ASSIGNED TASK: Output each line of the listing exactly, though pictures are not to appear.

AVAILABLE DATA:
******

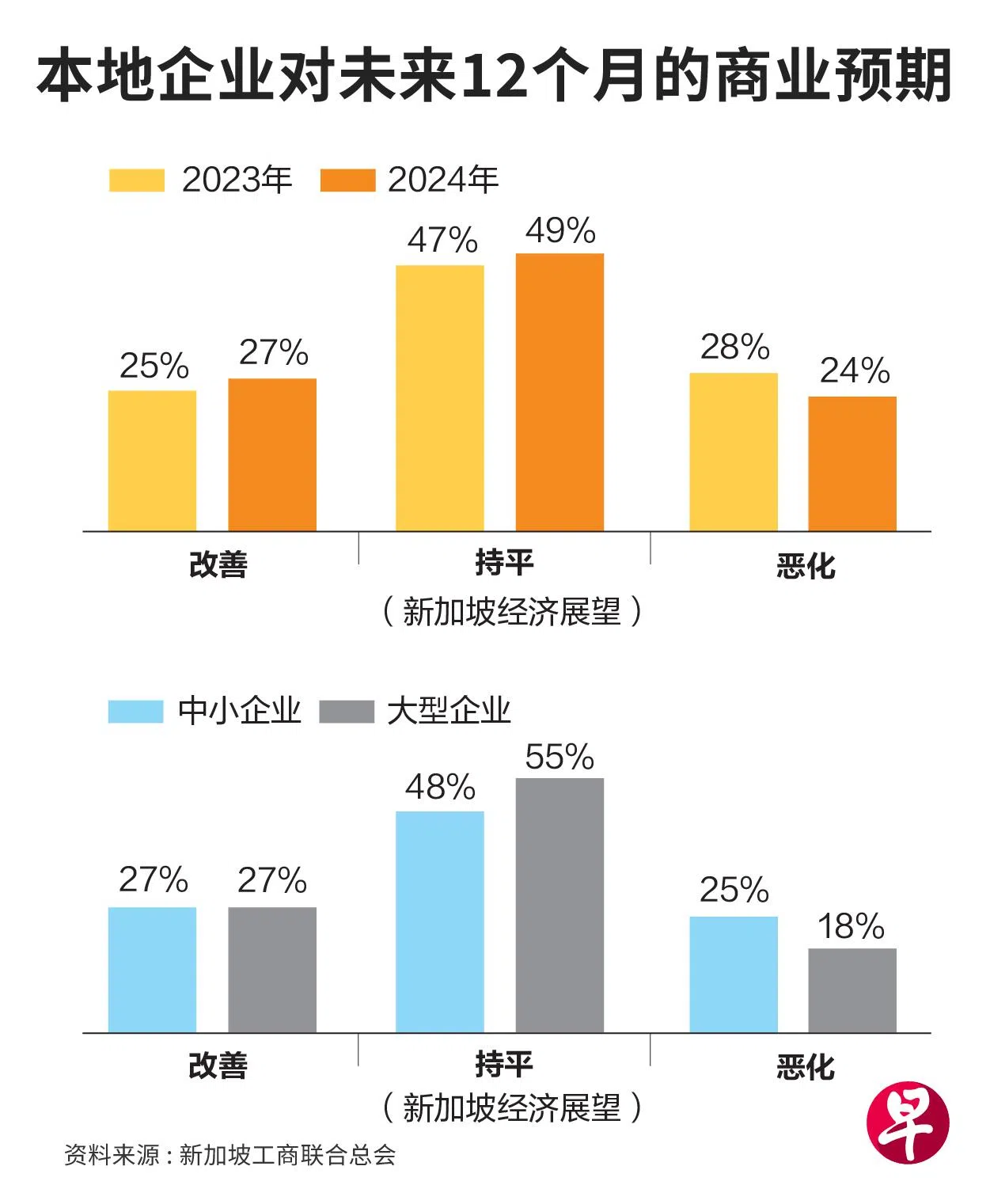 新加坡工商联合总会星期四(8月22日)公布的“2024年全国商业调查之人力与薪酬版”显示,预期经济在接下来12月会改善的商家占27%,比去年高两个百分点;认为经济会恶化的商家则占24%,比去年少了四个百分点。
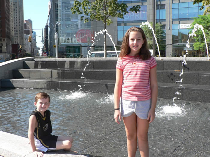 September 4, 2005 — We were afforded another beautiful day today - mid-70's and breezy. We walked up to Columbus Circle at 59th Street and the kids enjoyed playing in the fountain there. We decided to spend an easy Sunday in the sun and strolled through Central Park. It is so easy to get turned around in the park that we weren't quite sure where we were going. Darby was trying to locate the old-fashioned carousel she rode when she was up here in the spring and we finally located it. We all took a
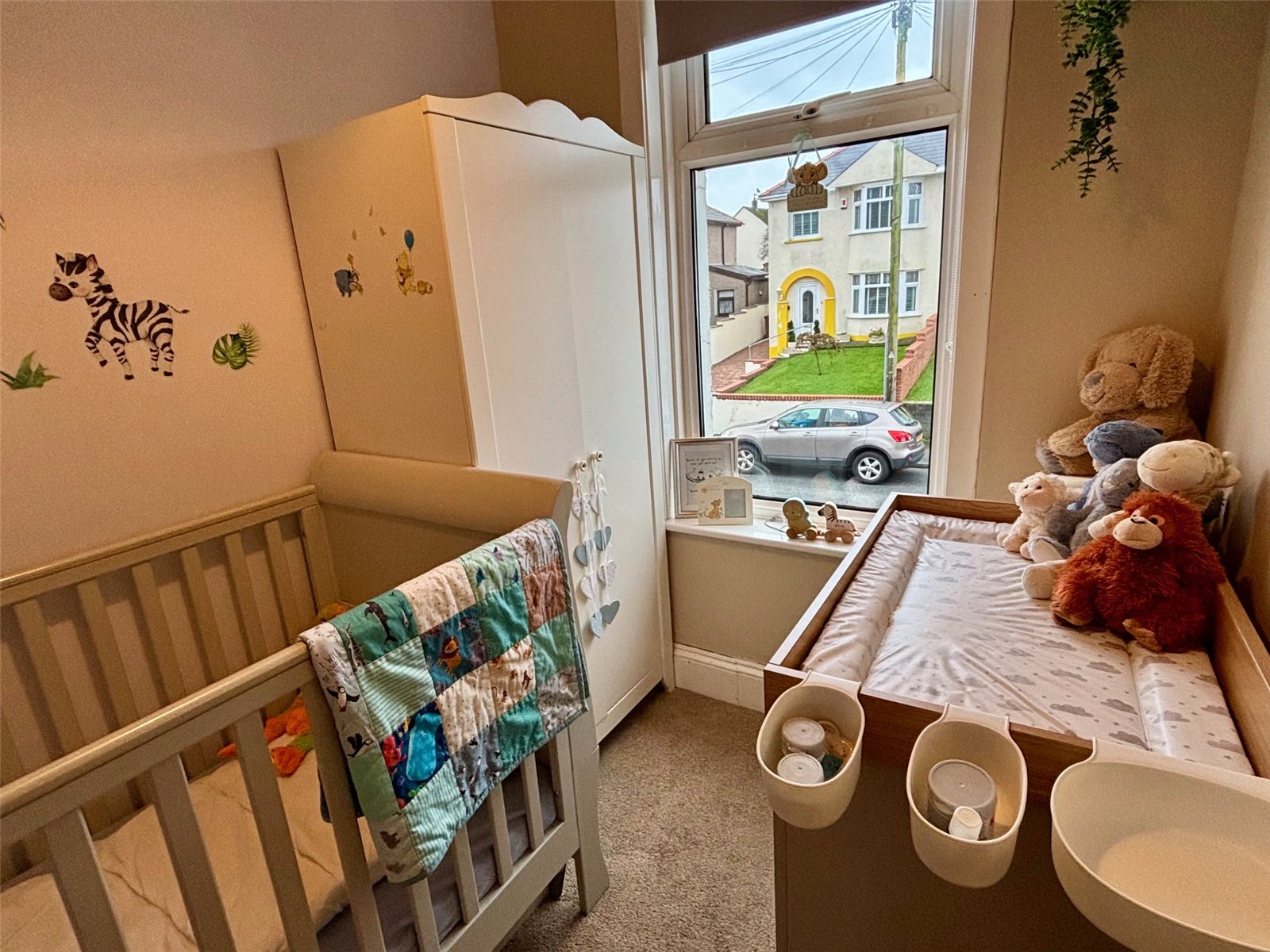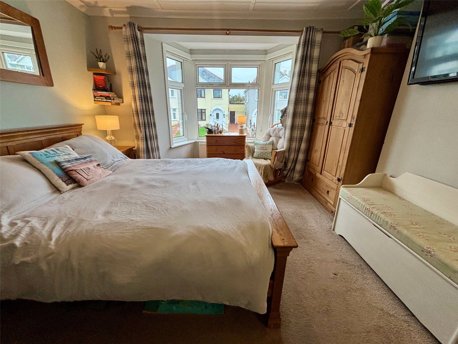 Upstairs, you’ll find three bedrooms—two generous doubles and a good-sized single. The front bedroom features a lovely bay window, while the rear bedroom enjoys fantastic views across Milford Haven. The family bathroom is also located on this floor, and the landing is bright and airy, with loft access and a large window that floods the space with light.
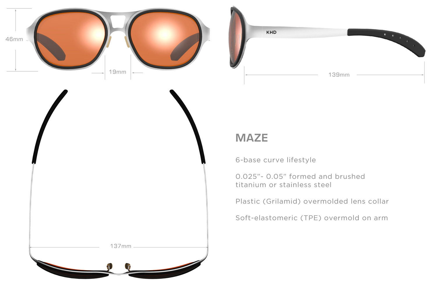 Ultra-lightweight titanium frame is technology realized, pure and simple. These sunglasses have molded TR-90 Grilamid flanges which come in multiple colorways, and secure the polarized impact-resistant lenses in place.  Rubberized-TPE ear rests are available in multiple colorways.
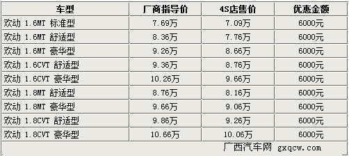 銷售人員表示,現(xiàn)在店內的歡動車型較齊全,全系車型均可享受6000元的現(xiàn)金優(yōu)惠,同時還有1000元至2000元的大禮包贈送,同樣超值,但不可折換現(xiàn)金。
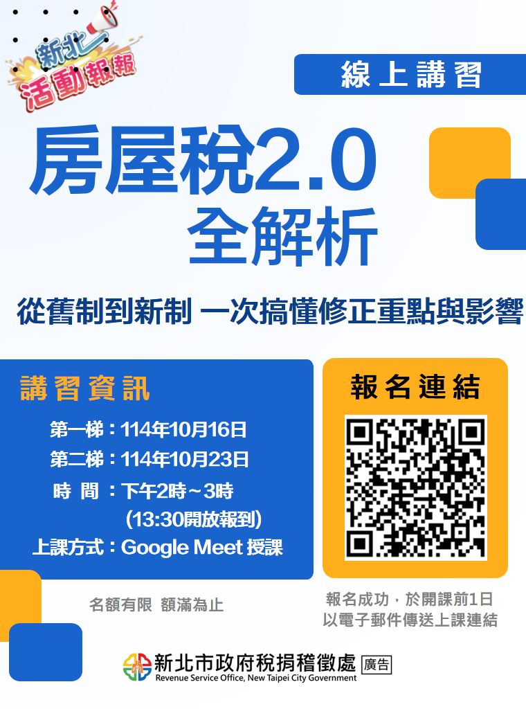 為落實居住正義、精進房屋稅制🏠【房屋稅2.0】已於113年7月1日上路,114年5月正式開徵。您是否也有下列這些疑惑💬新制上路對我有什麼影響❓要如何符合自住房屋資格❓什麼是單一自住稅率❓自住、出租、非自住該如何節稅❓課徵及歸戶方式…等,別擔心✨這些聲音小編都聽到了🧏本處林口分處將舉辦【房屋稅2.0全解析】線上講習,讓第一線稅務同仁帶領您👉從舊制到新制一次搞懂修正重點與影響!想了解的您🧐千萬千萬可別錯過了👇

******

EXPECTED ANSWER:
 新加坡工商联合总会星期四(8月22日)公布的“2024年全国商业调查之人力与薪酬版”显示,预期经济在接下来12月会改善的商家占27%,比去年高两个百分点;认为经济会恶化的商家则占24%,比去年少了四个百分点。
 September 4, 2005 — We were afforded another beautiful day today - mid-70's and breezy. We walked up to Columbus Circle at 59th Street and the kids enjoyed playing in the fountain there. We decided to spend an easy Sunday in the sun and strolled through Central Park. It is so easy to get turned around in the park that we weren't quite sure where we were going. Darby was trying to locate the old-fashioned carousel she rode when she was up here in the spring and we finally located it. We all took a
 Upstairs, you’ll find three bedrooms—two generous doubles and a good-sized single. The front bedroom features a lovely bay window, while the rear bedroom enjoys fantastic views across Milford Haven. The family bathroom is also located on this floor, and the landing is bright and airy, with loft access and a large window that floods the space with light.
 Ultra-lightweight titanium frame is technology realized, pure and simple. These sunglasses have molded TR-90 Grilamid flanges which come in multiple colorways, and secure the polarized impact-resistant lenses in place.  Rubberized-TPE ear rests are available in multiple colorways.
 銷售人員表示,現(xiàn)在店內的歡動車型較齊全,全系車型均可享受6000元的現(xiàn)金優(yōu)惠,同時還有1000元至2000元的大禮包贈送,同樣超值,但不可折換現(xiàn)金。
 為落實居住正義、精進房屋稅制🏠【房屋稅2.0】已於113年7月1日上路,114年5月正式開徵。您是否也有下列這些疑惑💬新制上路對我有什麼影響❓要如何符合自住房屋資格❓什麼是單一自住稅率❓自住、出租、非自住該如何節稅❓課徵及歸戶方式…等,別擔心✨這些聲音小編都聽到了🧏本處林口分處將舉辦【房屋稅2.0全解析】線上講習,讓第一線稅務同仁帶領您👉從舊制到新制一次搞懂修正重點與影響!想了解的您🧐千萬千萬可別錯過了👇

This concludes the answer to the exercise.